Sotheby’s Auction for Ukraine

Sotheby’s online auction Contemporary Discoveries is set to raise funds for vital work undertaken by the International Rescue Committee (IRC) in response to the crisis in Ukraine. The IRC’s mission is to help people whose lives and livelihoods are shattered by conflict and disaster, to survive, recover, and gain control of their future.

Open for bidding from 13-19 May, 28 lots will be offered as part of Contemporary Discoveries, with proceeds raised donated to the IRC, to help support families affected by the crisis in Ukraine. The works are on public view in Sotheby’s New Bond Street galleries for the duration of the auction.

The selection of work highlights 15 contemporary Ukrainian artists, including Oksana Mas, Nazar Bilyk, and Maria Bilyan. Thirteen international artists have also donated pieces, including Richard Deacon, Rachel Kneebone and Zadok Ben-David.

I’ve donated the work ‘Pheonix Rising, Yalta, Ukraine, 2002’ (edition 2/6, 20” x 20 “ pigment print).

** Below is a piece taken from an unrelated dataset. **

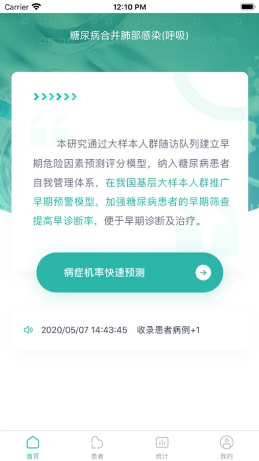 通过简单预测小工具,帮助实现快速病症机率检查。上海复旦大学附属瑞金医院呼吸与重症医学科专注于为广大医疗人员提供一站式的知识和工具服务,为医疗人员提供权威的逻辑缜密预测诊断模型,实用的病症机率快速预测小工具,收录档案方便进行患者管理和随访!

Available to bid here: https://www.sothebys.com/en/buy/auction/2022/contemporary-discoveries-2/phoenix-rising-yalta-ukraine-2002

Caption: Yalta is a resort city on the southern coast of the Crimean Peninsula in Ukraine, surrounded by the Black Sea. In Communist times it was the playground of the Politburo, with the party faithful rewarded with a week in a sanatorium housed in a former Imperial palace. The local population of 100,000 would swell to over a million in the summer as Soviets flocked to its spas and beaches. After the collapse of the Soviet Union and years of neglect, at the turn of the millennium Yalta once again became a popular holiday resort for ordinary Ukrainians. Thanks to the Yalta Conference in 1945, the city fashioned an image as a symbolic place of peace and compromise – Roosevelt, Churchill and Stalin met here to divide the spoils of World War II – however, in 2014, Russia annexed the Crimea, claimed it as their territory and most recently have used it as a military post to attack the rest of Ukraine.